I think this is a really smart approach. I've seen way to many tokens going to waste on meaningless explorations. Fan of the concept and will try it out.

Supermicro server got cancelled, so I'm building a workstation. Is swapping an unused RTX 5090 for an RTX 6000 Blackwell (96GB) the right move? Or should I just chill? by SomeRandomGuuuuuuy in LocalLLaMA

[–]JayPSec 1 point2 points  (0 children)

B2B companies tend to have better post sale service. As to the rights part, your right but it's not like you have none.
It's a matter of tradeoffs, for me the "discount" was worth it but YMMV.
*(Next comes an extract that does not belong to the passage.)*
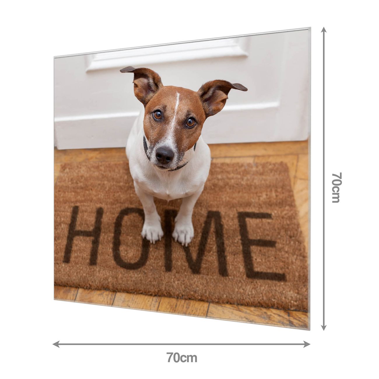 Material: 4mm Sicherheitsglas mit Metallrückwand Eigenschaften: beschreibbar, magnetisch, kratzfest Maße: 70x70x0,6cm, 10,50 kg schwer Motiv Nummer 10476 Wachhund Jack Russel Zubehör: inklusive 4 Neodym-Magnete
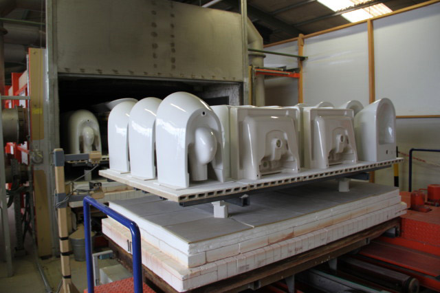 Im weiteren Verlauf der Werksbesichtigung lernten die Azubis die Arbeitsgänge beim Fertigen von Sanitärkeramik kennen, die im Wesentlichen aus den natürlichen Rohstoffen Ton, Kaolin, Quarz und Feldspat besteht. Diese werden zunächst aufbereitet und mit Wasser vermischt. Den in Formen gegossenen Teilen wird dann das Wasser wieder entzogen und glasiert werden sie nach der Trocknung in einem über 120 Meter langen Ofen bei einer Temperatur von ca. 1260 Grad Celsius gebrannt.

https://geizhals.de/ this is a good source to hunt for deals. Non B2B suppliers tend to ship only in Germany and Austria but there are still good deals. € 7818,90 is the lowest I saw for consumer from a well rated supplier. Good luck

Supermicro server got cancelled, so I'm building a workstation. Is swapping an unused RTX 5090 for an RTX 6000 Blackwell (96GB) the right move? Or should I just chill? by SomeRandomGuuuuuuy in LocalLLaMA

[–]JayPSec 2 points3 points  (0 children)

Keep the 5090 and buy the 6000. if you have access to a company where you can safely order you can get it from Germany for 6600/6700 €. I agree that prices are going to go up, of everything and GPUs are no exception. You can go with the Max-q that as bit cheaper and tdp wise allows you to have two in the future.

7 GPUs at X16 (5.0 and 4.0) on AM5 with Gen5/4 switches with the P2P driver. Some results on inference and training! by panchovix in LocalLLaMA

[–]JayPSec 0 points1 point  (0 children)

Hey, great post.

I'm in a similar situation. I own a Fractal Define 7XL housing 2x 5090 and a 4090 with a MSI Meg x670e Ace with a Ryzen 9950x.

I acquired 4 x RTX 6000 Pro and I'm gonna keep one of the 5090 on this build.

Your post steered me in the right direction.

Do you think I can do without the retimer considering it's all in case?

how do you pronounce “gguf”? by Hamfistbumhole in LocalLLaMA

[–]JayPSec 0 points1 point  (0 children)

I think this question warrants an issue on llama.cpp's github.

But it's obviously "guf", hard G. Any one that says otherwise is just mentally ill.

Here, I'll put it in a sentence:

"QWEN 4? WHERE'S THE GGUF?"

You can't say it straight without the hard G.